0.0.3 • Published 10 years ago

phlow v0.0.3

Weekly downloads
1
License
MIT
Repository
github
Last release
10 years ago

phlow

Get to work as quick as possible.

This is an experiment and right now only works on OSX with iTerm2.

Installation

npm install phlow -g

Usage

You can use phlow in two ways:

  • Create a ~/.phlow directory and put the JSON files there.
  • And/or create individual phlow.json files in the working directory of each project. In this case you need to set up the PHLOW_HOMEDIR env variable. This tells phlow where your projects are. For example I use /Users/gimenete/projects. Phlow will look in all the subdirectories of the PHLOW_HOMEDIR. By default PHLOW_HOMEDIR is your home directory.
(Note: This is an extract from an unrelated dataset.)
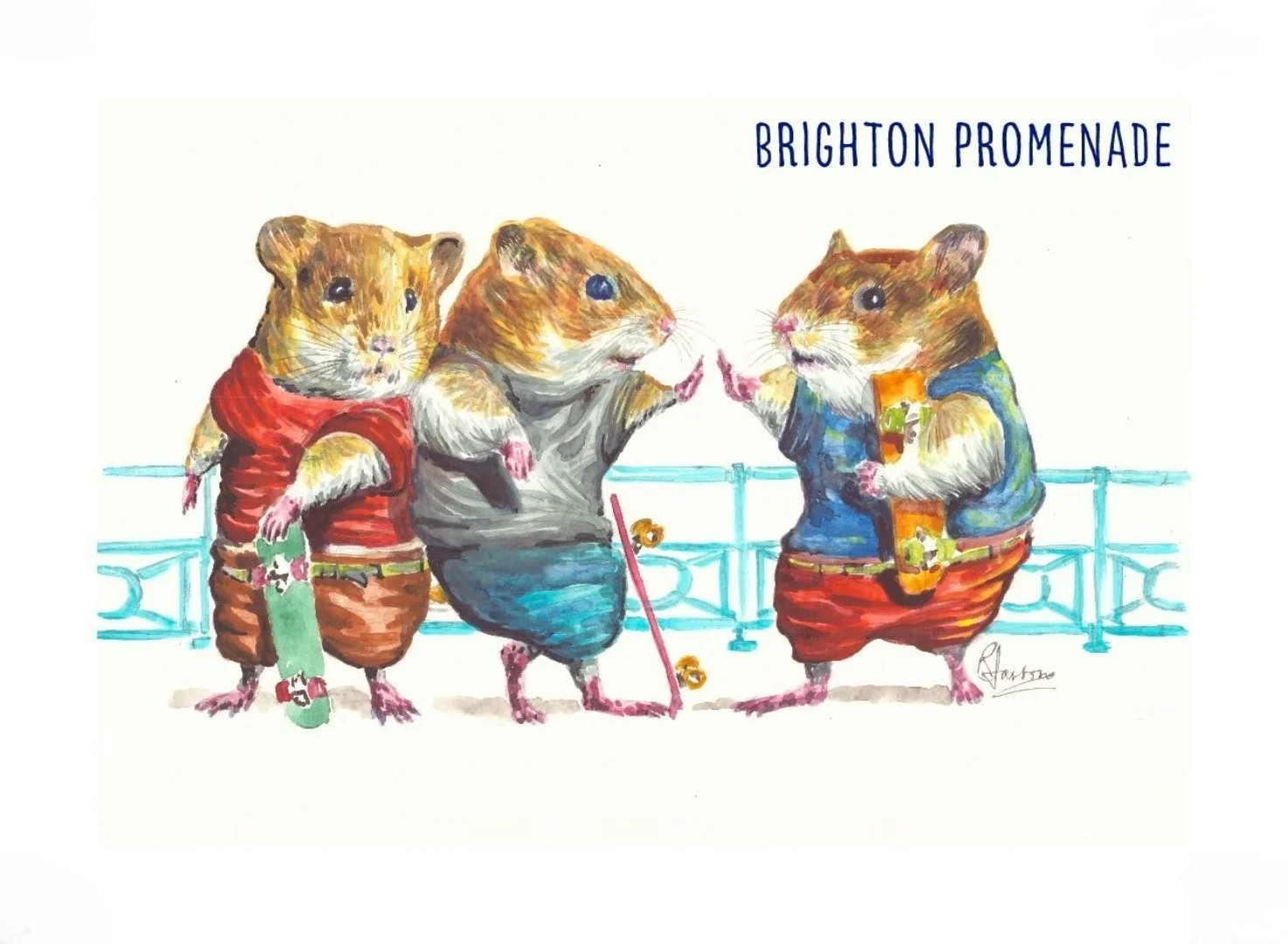 My art is mainly centred around drawing and watercolour painting. Within these elements I explore the humour, character and strangeness of everyday life in Brighton. My paintings cover quite a big range of subject matter: people, mech figures, bears, hamsters, squirrels, seagulls and monkeys 🐒 . I'm inspired by both realistic illustration and cartoons. I think my art art lies somewhere between these two.

A configuration file looks like this

{
  "dir": "/Users/gimenete/projects/backbeam-lambda-ui",
  "iTerm": {
    "tabs": [
      {
        "panels": [
          {
            "commands": [
              "npm run watch"
            ]
          },
          {
            "split": "vertically",
            "commands": [
              "npm start"
            ]
          },
          {
            "split": "horizontally",
            "commands": [
              "atom ."
            ]
          }
        ]
      }
    ]
  }
}

So you could save that file as:

  • ~/.phlow/project_name.json
  • Or $PHLOW_HOMEDIR/project_name/phlow.json. In this case you don't need to put the dir in the configuration file.

Finally run:

phlow project_name

The project name doesn't need to be strictly equal. Phlow will look for the most similar directory name with a phlow.json file on it or the most similar configuration file under ~/.phlow. Also, phlow will always ask for confirmation before running anything.